Neurologist Laura Balcer and her group at the School of Medicine’s neurology department are bridging the gap between research and practice — by literally taking their work to the practice field.

Balcer’s cohort is researching the efficacy of a simple sideline test to detect concussions in athletes, and, with the help of several Penn teams, she’s getting real-world results.

Along with post-baccalaureate student Kristin Galetta, Balcer recently published an initial study on the King-Devick test in the medical journal Neurology. In the test, athletes who might have suffered a concussion read a series of numbers from a note card. A delay of five seconds greater than the athlete’s baseline score on the test was a “pretty clear indication” of a concussion, Galetta said.

After initial research with mixed martial arts fighters, Balcer and Galetta have since turned their focus to an ongoing study of the test involving over 200 Penn varsity athletes in six sports.

Based on the preliminary data, Galetta said the test is likely transferable to other sports. Balcer called the early returns “encouraging.”

“Somebody qualified on the sidelines would give the athletes a test if there was a chance they had suffered a concussion,” Galetta said. The current study is looking at Penn football, sprint football, men’s and women’s soccer and men’s and women’s basketball, but Galetta said they may pick up more teams as the spring season begins.

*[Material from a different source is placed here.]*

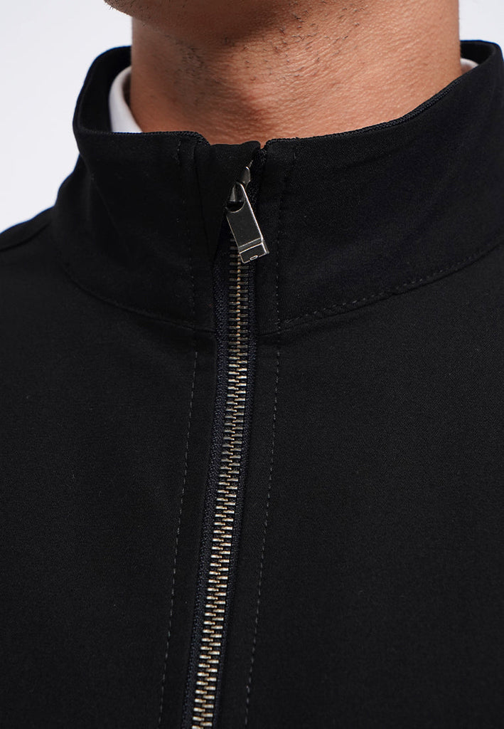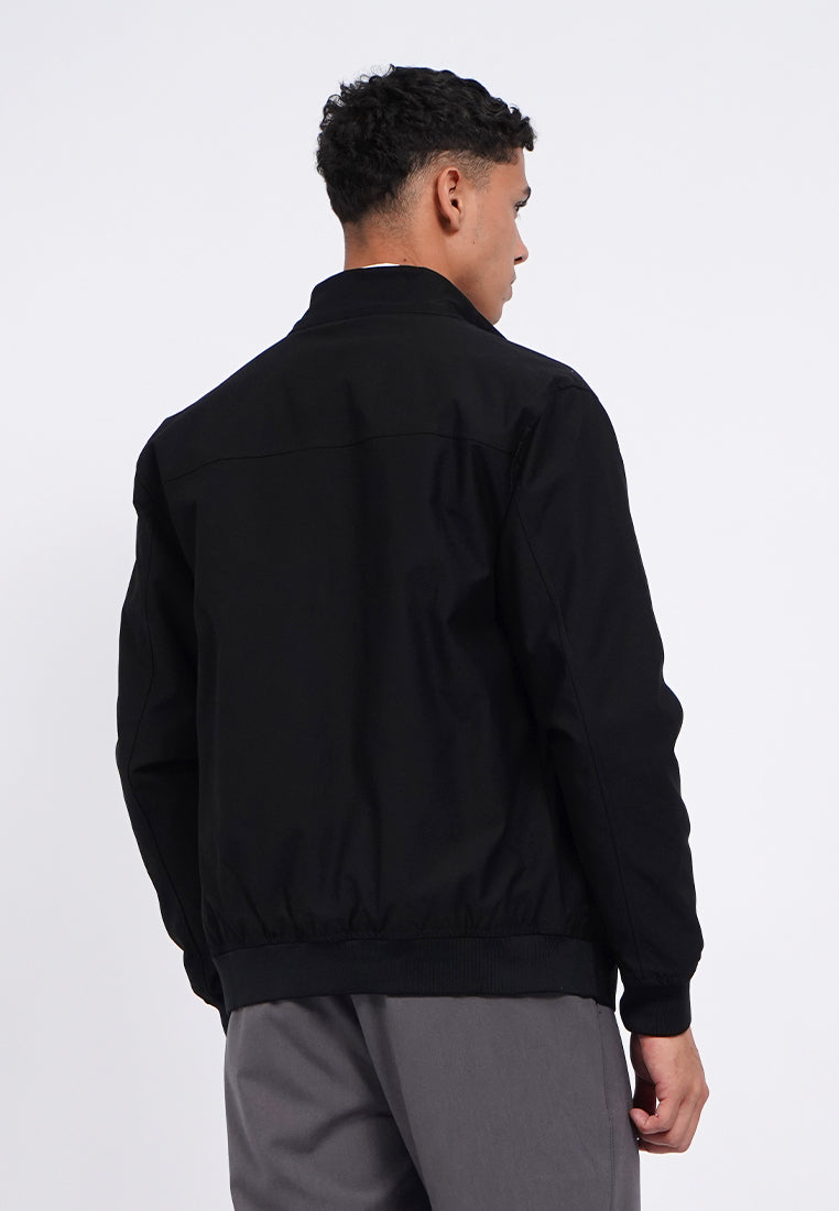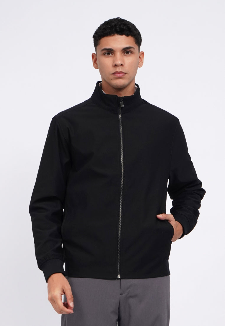 Long sleeve harrington jacket, High neck, Full front zipper opening, Double side pocket details, Material: Polyester Twill, Fit: Slim, Color: Black, Model info: Model Wearing Size M, Height: 182 cm, Chest: 94 cm, Waist: 75 cm, Hips: 96 cm

After he was contacted by Balcer’s group, Penn Athletics head trainer Eric Laudano took the lead on collaborating with the researchers.

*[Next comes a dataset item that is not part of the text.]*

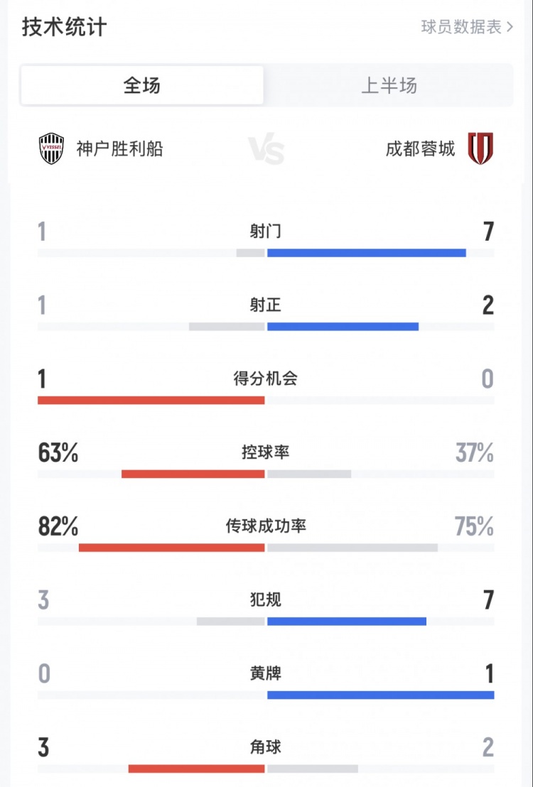 附神户胜利船vs蓉城半场数据:

“Anytime we are able to be assisted by the medical experts at Penn, I am on board,” he wrote in an e-mail. “We have the best medical minds in the country and world here at Penn and to be able to collaborate with any of them to assist in the health care of our athletes is a special opportunity.”

Both parties recognized the benefits of collaborating on the study. For Laudano, it was a great opportunity for his athletes to help protect themselves and their peers.

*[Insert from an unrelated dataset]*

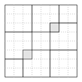 Nella prima figura, ciascuno dei quadrati 3x3 contiene 4 tracce, e ci sono massimo 2 pezzi persi, (contato due volte), su entrambe le caselle grigie.

“All the trainers have really gotten on board with this, and we’ve developed relationships with them,” Galetta said.

“I don’t think [collaboration is] something that commonly happens,” she added, “but it’s something that is so relevant to what’s going on in sports, so I think that they were willing to help us.”

Current concussion diagnosis requires a medical assessment of a patient’s symptoms, a subjective analysis which can be tripped up by an athlete eager to get back on the field.

The objective King-Devick test not only eliminates ambiguity in quick sideline diagnosis, Galetta said, but it does not have to be administered by a physician.

“This tool is a breakthrough tool in the management of head injuries and concussions,” Laudano wrote. “The King-Devick test allows us to asses the objective findings by examining an area of the brain that is impossible for the athletes to memorize or cheat on.

“We recognize that our athletes are competitive and want to play and win. But in our position, we must protect them from further injury and protect their future as a person. This test takes the guesswork out of whether or not the athlete is being truthful in their subject communication to us regarding their symptoms.”

But as Laudano and his partners at the Medical School point out, this test is just one in a growing set of tools to identify head trauma.